EXERCISE BRIEF –
When writing out the entries below, keep only the lines from the line with "with lift access." to the line with "Pre-heat oven to", both included, exactly as they are, and leave the pictures aside.

INPUT FOR THIS TASK –
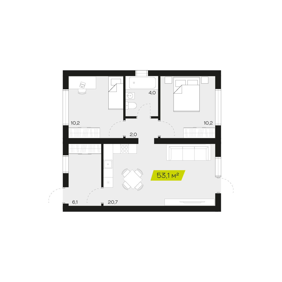 2 спальни Ванная комната с окном Кухня-гостиная с выходом на террасу Гардеробная
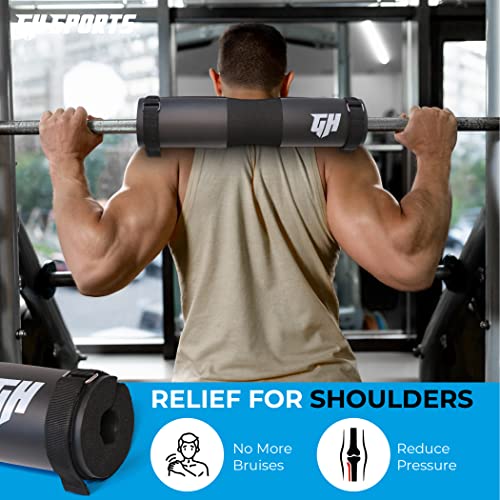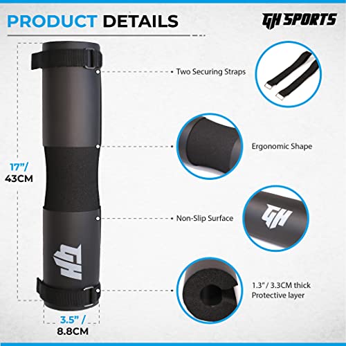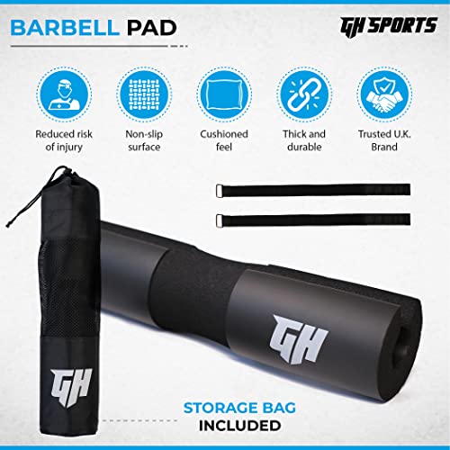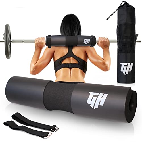 GH Sports Barbell Pad – Thick Foam Padding, Rubber Squat Pad with 2 Straps & Carry Bag – Neck, Back & Shoulder Support for Weightlifting, Hip Thrusts, Squats – Fits Olympic Barbell – Gym Accessories
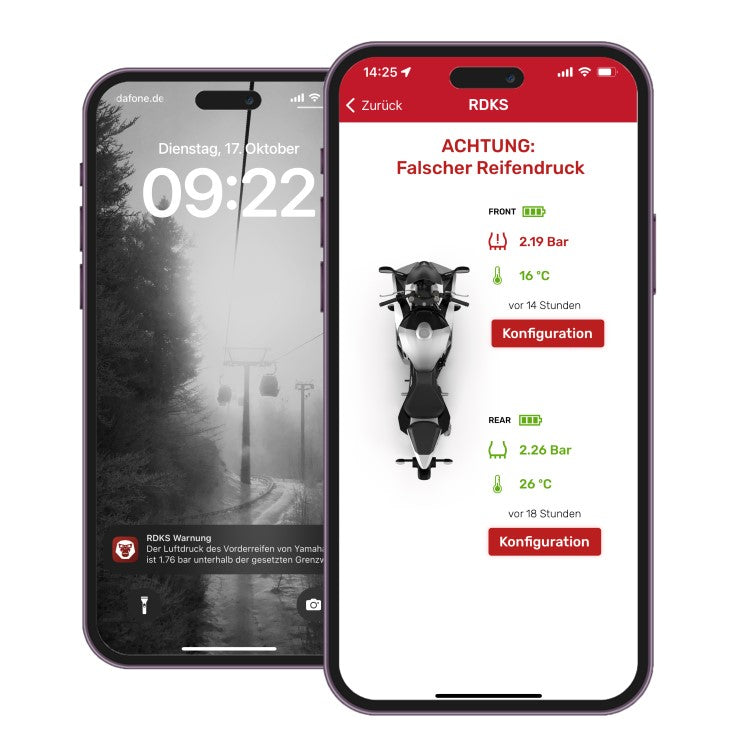 - Poder recibir alertas en tu móvil cuando la presión de alguno de tus neumáticos baje del valor que configures.
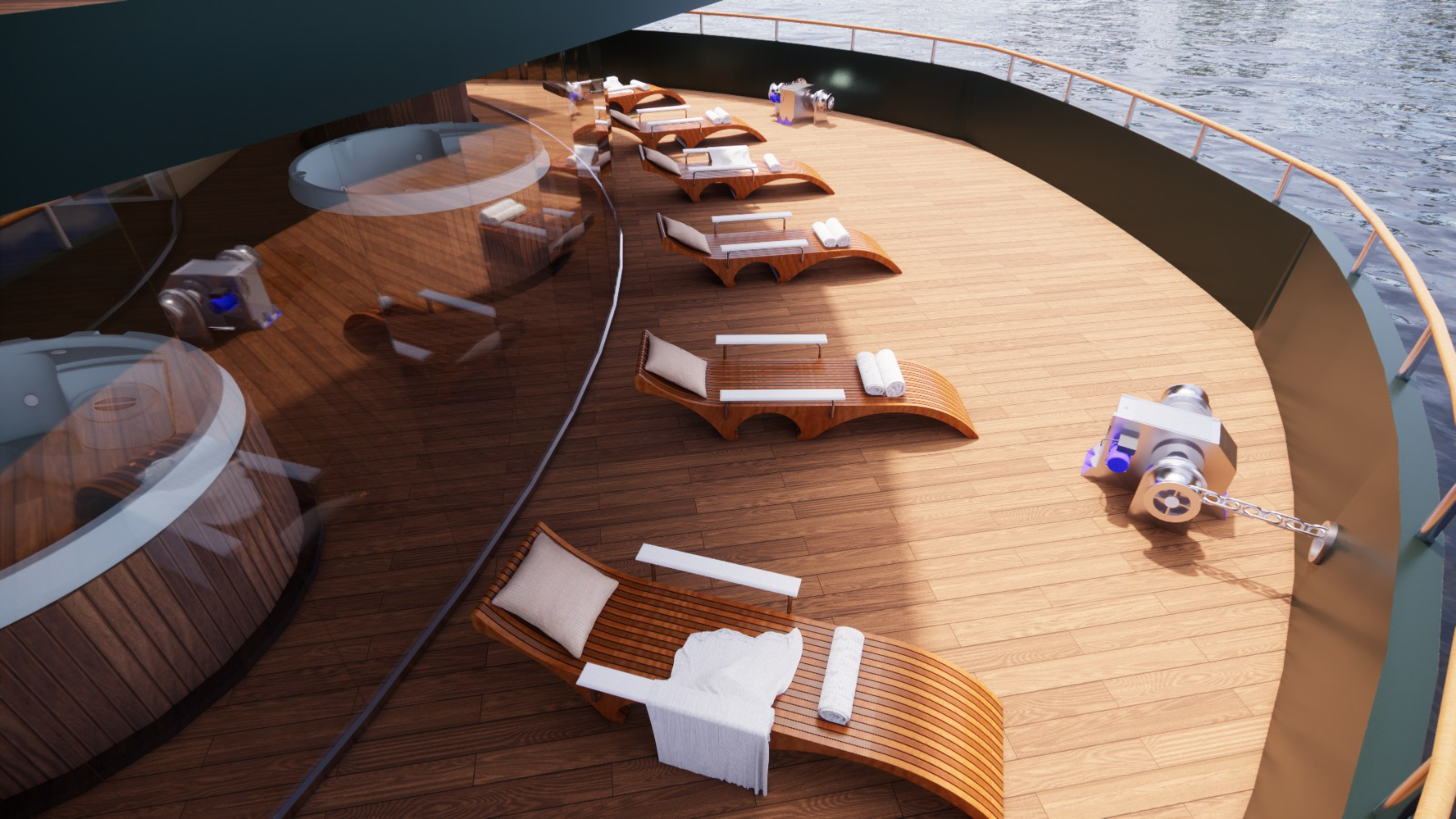 Slap af på soldækket og nyd den stadigt skiftende udsigt over Amazonas. Her kan du se solen stå op over floden eller farve himlen ved solnedgang – det perfekte sted at slappe af og mærke naturens magi.
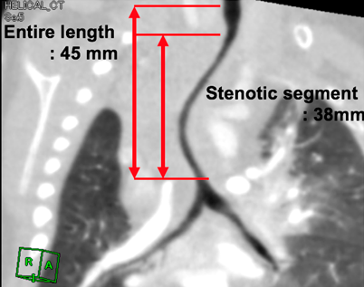 We evaluated the details of tracheal stenosis using CT (Fig. 1A) and calculated the stenotic segment ratio, which was estimated by the following formula (Fig. 1B, 1C)4):We also calculated the longitudinal stenotic tracheal segment ratio as shown in Fig. 2. Long-segment tracheal stenosis was defined as the ratio of the stenotic tracheal segment to that of the entire tracheal length of >50%.5)
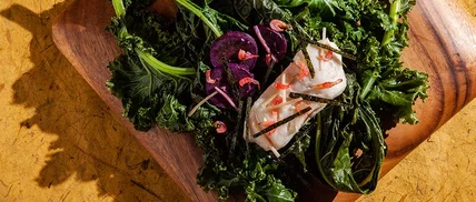 For a more modern take on steamed black cod, Chris Kajioka wraps the fish in kale instead of traditional taro leaves. Don't skimp on the dried shrimp, as its provides another added layer of funky flavor.
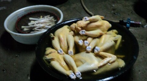 Một chủ hàng chuyên cung ứng gà làm sẵn cho biết:” Để gà có màu vàng tươi ngon, bắt mắt, sau khi vặt lông, rửa sạch, trước khi đem đi phân phối cho các bếp ăn tập thể, khu công nghiệp, quán bình dân,… gà được nhúng vào nồi nước sôi trong đó có hòa trộn một ít bột công nghiệp, loại mà người ta hay quen gọi là “bột sắt”.
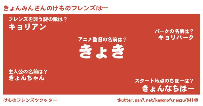 | 男性向けラノベタイトル風あだ名 | 『この素晴らしい世界にきょんみんを!』 |
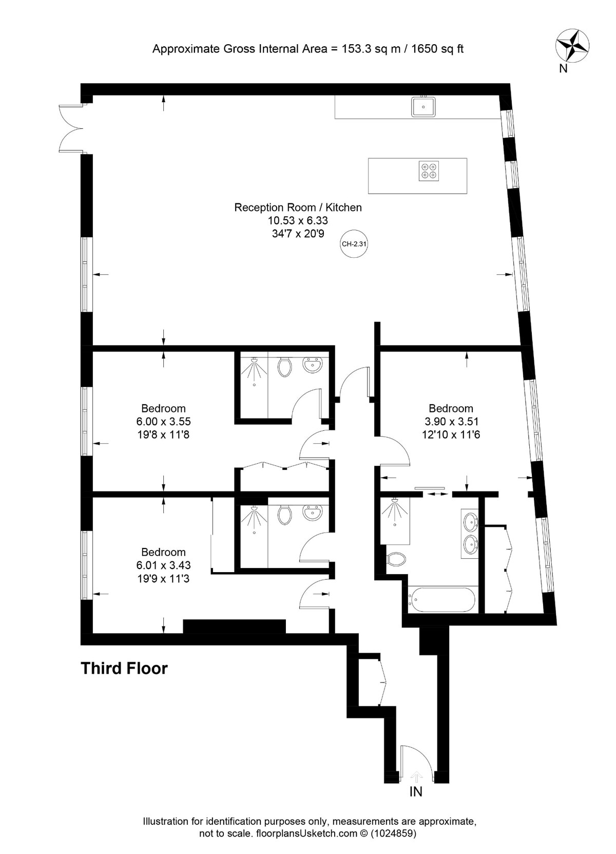 • Generous layout: 1,650 SQ FT / 153.3 SQ M of living space on the third floor, with lift access.
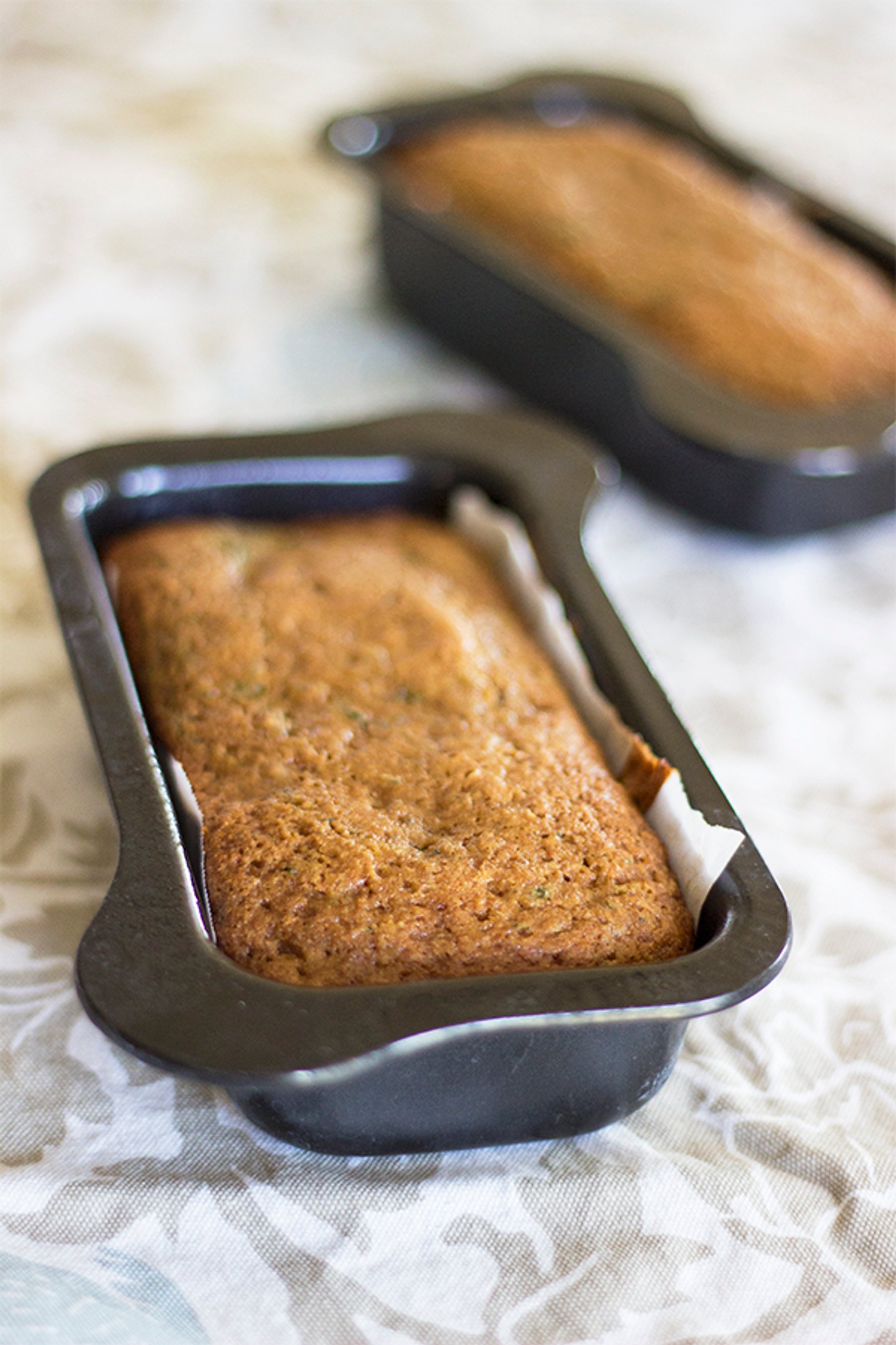 Pre-heat oven to 3205 degrees. Pour batter into greased and/or lined bread pans. This recipe will fill 4 mini bread pans or two 9 by 13 bread pans. Bake for about 32-36 minutes for the mini pans and 40-50...
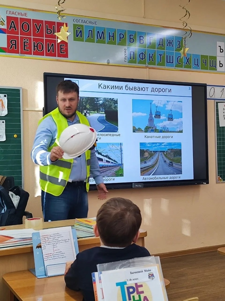 Родительский лекторий в декаду наук в школе 1358 🏗 У наших первоклассников прошла удивительная встреча с человеком, который любит свое дело✨— Михаилом Юрьевичем Горским, папой Ксюши. Ребята на время превратились в настоящих инженеров-строителей и узнали всё о том, как устроены дороги и мосты нашей великой страны 🇷🇺 Что нового открыли для себя юные исследователи? 🔹 Секреты дорог: Из чего делают современное покрытие и какие бывают виды дорог. 🔹 Искусство строить мосты: Как удержать огромную конструкцию над водой. 🔹 Рекорды России: • Крымский мост — настоящий гигант! Его протяженность 19 км, и это самый длинный мост в России. • Санкт-Петербург — город мостов. Ребята удивились, узнав, что их там более 800! • Синий мост в Питере — уникальный объект, его ширина составляет целых 97 метров. • Мост во Владивостоке — один из самых высоких в мире (3-е место!). Его высота сравнима с тремя футбольными полями, поставленными друг на друга! ⚽️⚽️⚽️ 🔥 Встреча получилась невероятно громкой, яркой
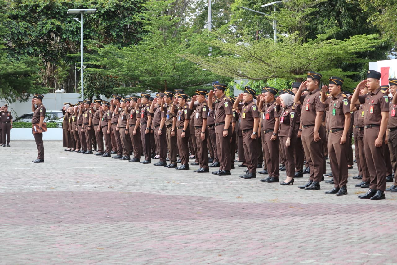 Ket. Foto : Kejaksaan Tinggi Sulawesi Tengah menggelar apel kerja gabungan awal tahun di halaman Kantor Kejati Sulteng. (Dok. Humas Kajati Sulteng)
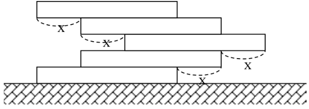 的相同石塊,石塊之間不用任何方式黏合或固定,為使堆疊 的石塊不倒塌,則石塊間伸出相等的長度 X,最多 X 可為

RESPONSE TO THIS TASK –
 • Generous layout: 1,650 SQ FT / 153.3 SQ M of living space on the third floor, with lift access.
 Pre-heat oven to 3205 degrees. Pour batter into greased and/or lined bread pans. This recipe will fill 4 mini bread pans or two 9 by 13 bread pans. Bake for about 32-36 minutes for the mini pans and 40-50...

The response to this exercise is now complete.